Every morning on my way to work, I slip on the frozen newspaper on our front porch.
I’ve fallen on some hard Times.
My first job in retail taught me that the customer is always right. Until they’re out of earshot.
Me at dinner on a first date: I’m not answering any more questions without a lawyer.
A cannibal passes a Girl Scout cookie stand. “How many girl scouts are these cookies made of?” he asks with a large smile on his face.
4: Mommy, I need a snack
Me: Perfect timing! I was just going to make you a hot dog for dinner!
4: No. I don’t want dinner. I want a snackkkkk.
Me: How about a hot dog as a snack?
4:…. YESSSS
We’ve secretly replaced the G with a K on this bottle of Jergens.
Let’s see if he notices.
If you’re in your car, go ahead and pick your nose, because the car makes you invisible.
Don’t be that guy that goes around saying “Don’t Be That Guy.”
an app that shows you who NOT to date called ok stupid
Me: Time for bed, son. I don’t make the rules.
6: OK. But who makes the rules?
Me:
6:
Both of us: Mom.
Two rotisserie chickens.
One for chicken noodle soup and the other as a backup for when you eat the one you wanted to put into the soup.
My next tattoo will be “helvetica” written in Arial.

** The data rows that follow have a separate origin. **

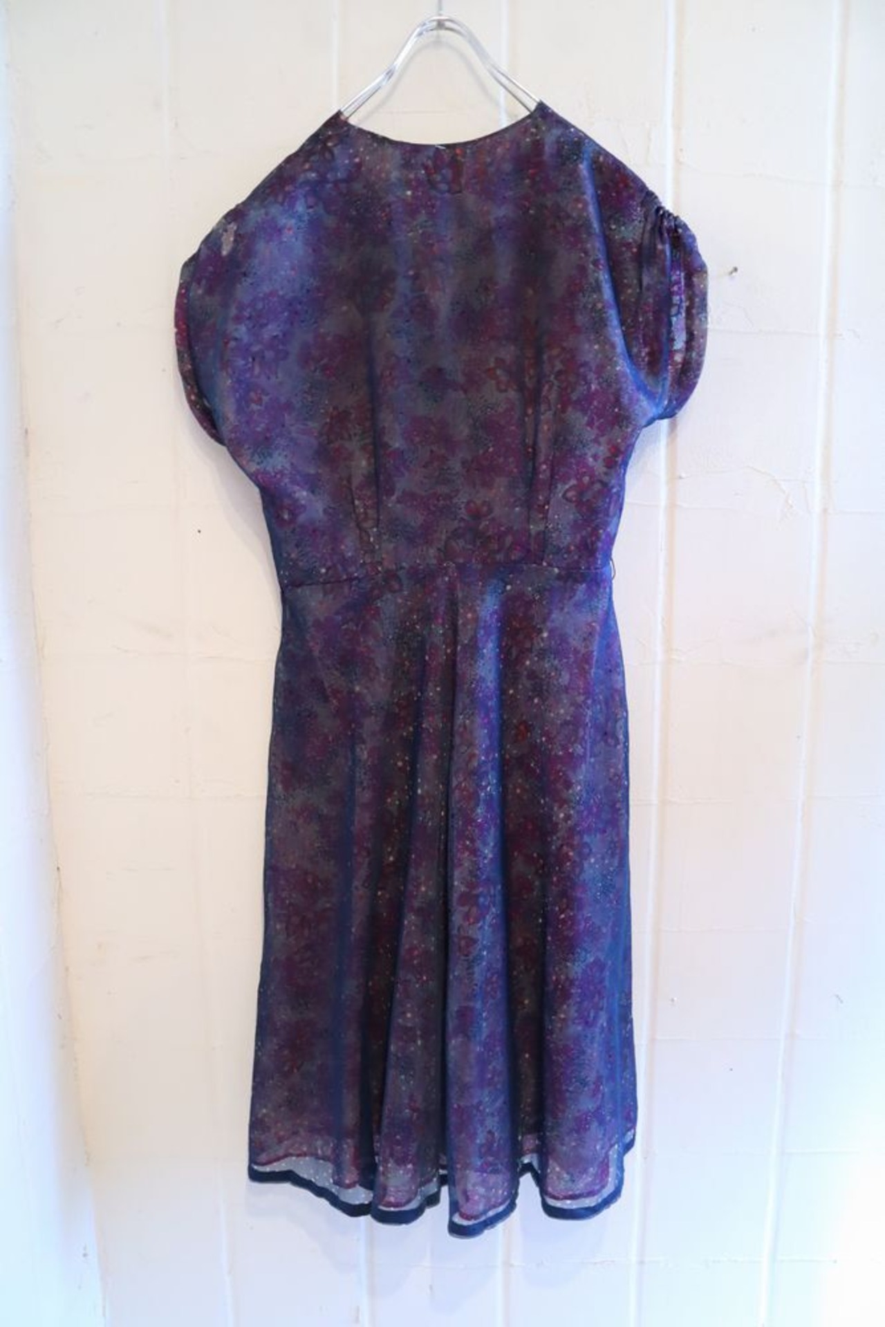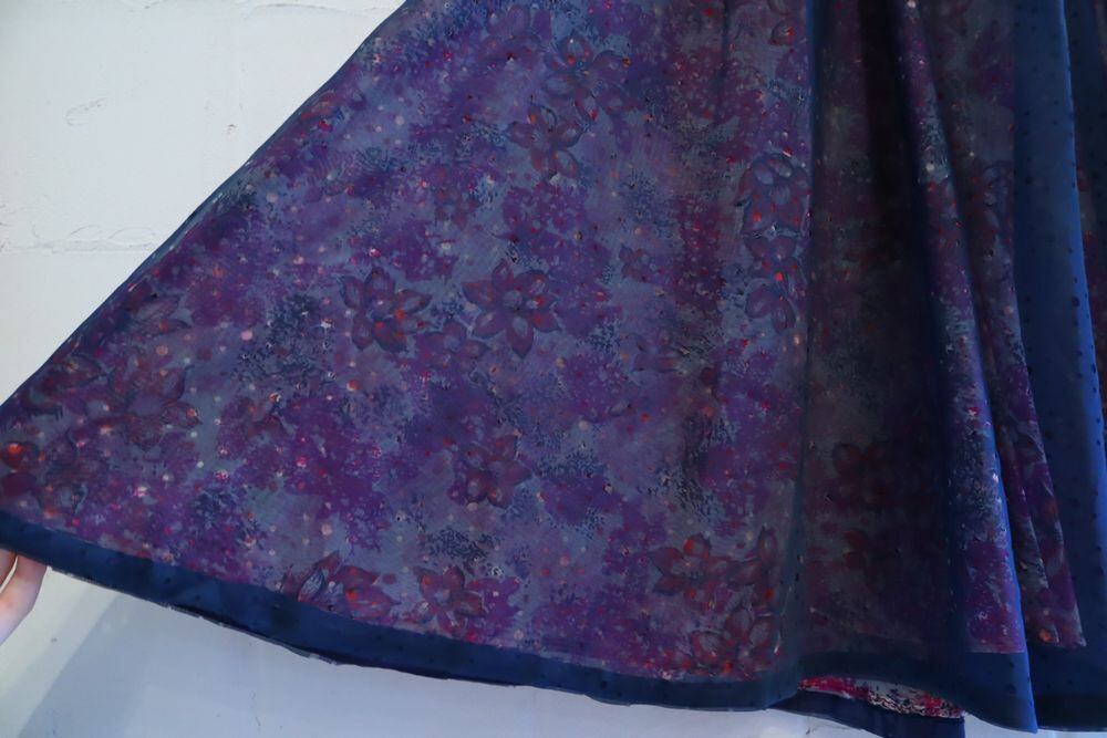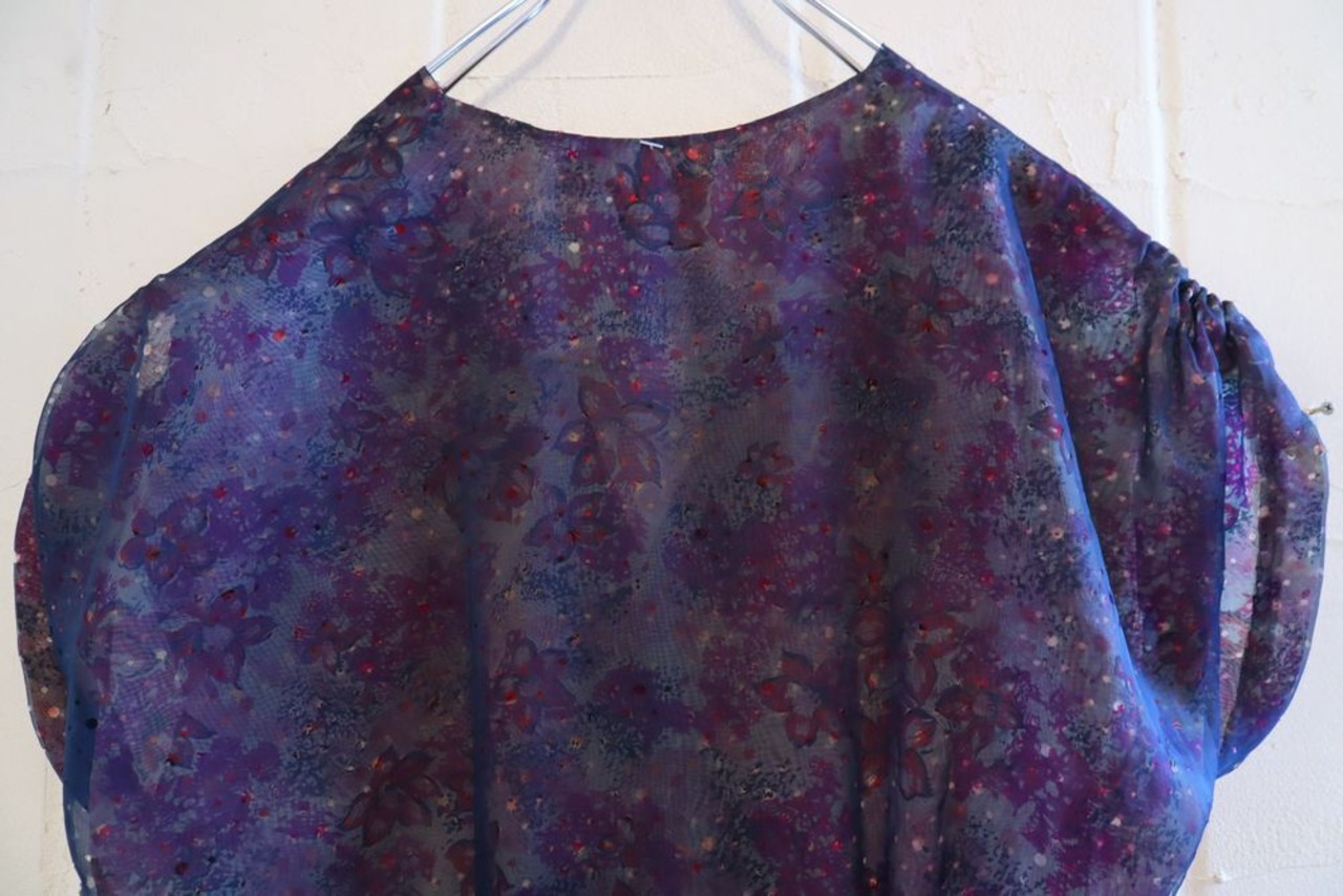 〇型にくり抜かれたシースルーからのぞく花柄が素敵なヴィンテージドレスです。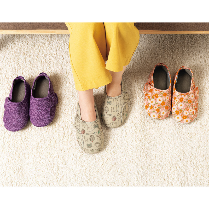 アッパー(甲部)の形状を早快マジックと同様のデザインとし、靴底の材質を自宅・室内用仕様に。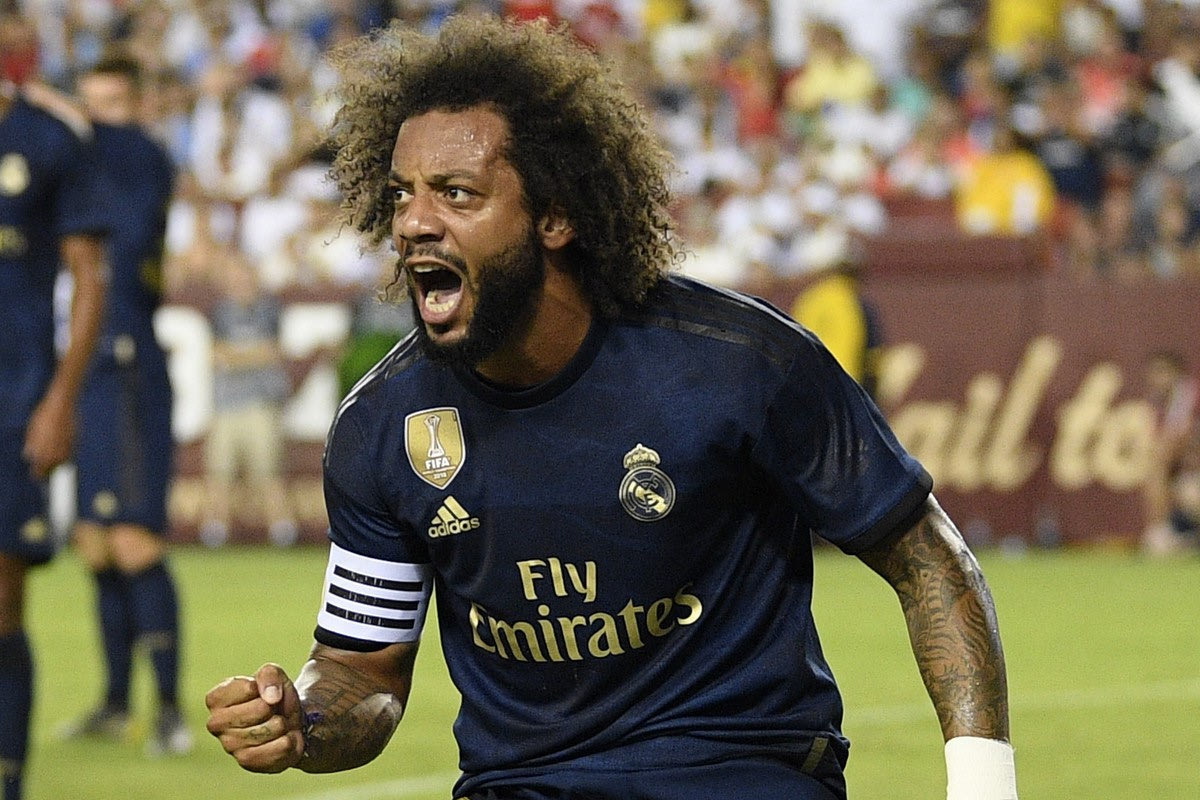 Ο Μαρσέλο πανηγυρίζει με τη φανέλα της Ρεάλ
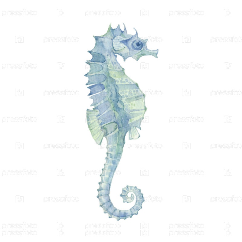 Морской конек, изолированные на белом фоне. Вектор, акварель рисованной иллюстрации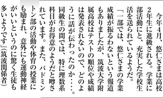 悠仁様に対して運動能力が高い、理数系の成績が良いという、秋篠宮御一家応援チームにとっては嬉しい週刊誌報道ですが、これまたよく読むと、確たる根拠は何もないんですよね。バトミントン部に入っているから運動能力がいいとは確言できないし、筑附は成績を表に出さないということで赤点問題が一件落着したはず。どちらにしても週刊誌的物の言いようだなと思うばかりです。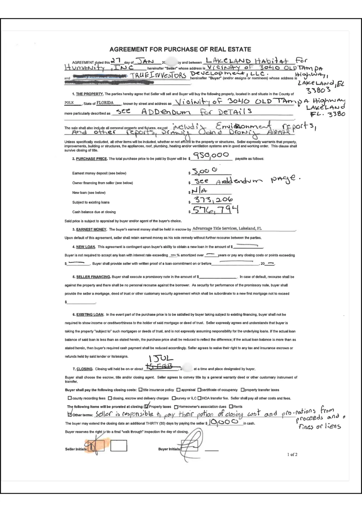 Initial purchase: 22 acres from Habitat for Humanity.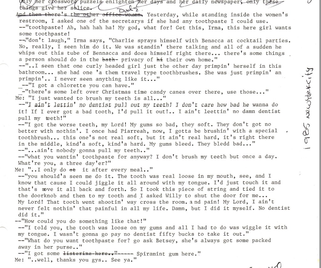 “1985– The Secretary’s Advice” (from my book in progress… 5 PAGES PER DAY: The Cerebral Enema Journals)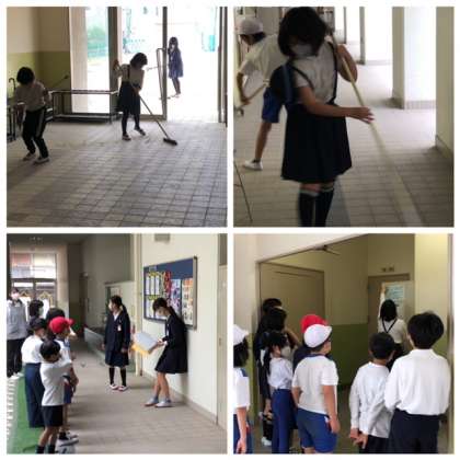みんなで学校をきれいにするという意欲を持ちながらも、いつもと違うメンバーで、会話を楽しみながら、掃除をしました。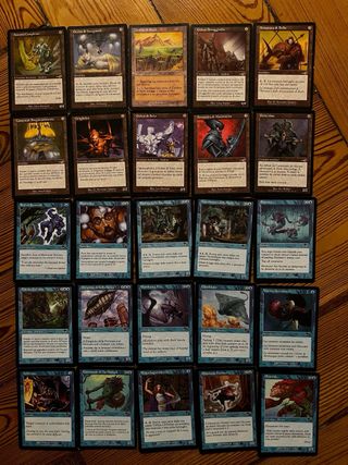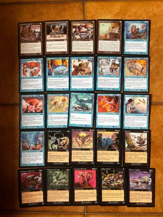 Set di 191 carte magic vintage del blocco mirrodin, anni 2003-2004, con 70 mirrodin, 60 darksteel e 61 quinta alba, tutte diverse, comuni e non comuni. Condizioni buone / discrete, ci sono segni del tempo sui bordi come da foto. Disponibile per altre info.

When a woman corrects me on it, I will marry her
We’re having company over today, so naturally my husband is helping me prepare by looking for the soil testing kit that he bought over a year ago.
[grocery store]
dad to his crying baby: shhh stop crying
[baby keeps crying]
me: wow, your baby does not listen
*Australian accent* Notice the wife in her natural habitat shaming the male husband species into doing what she wants!
[doing an identification at the coroner’s office]
It’s not her; my wife has a head.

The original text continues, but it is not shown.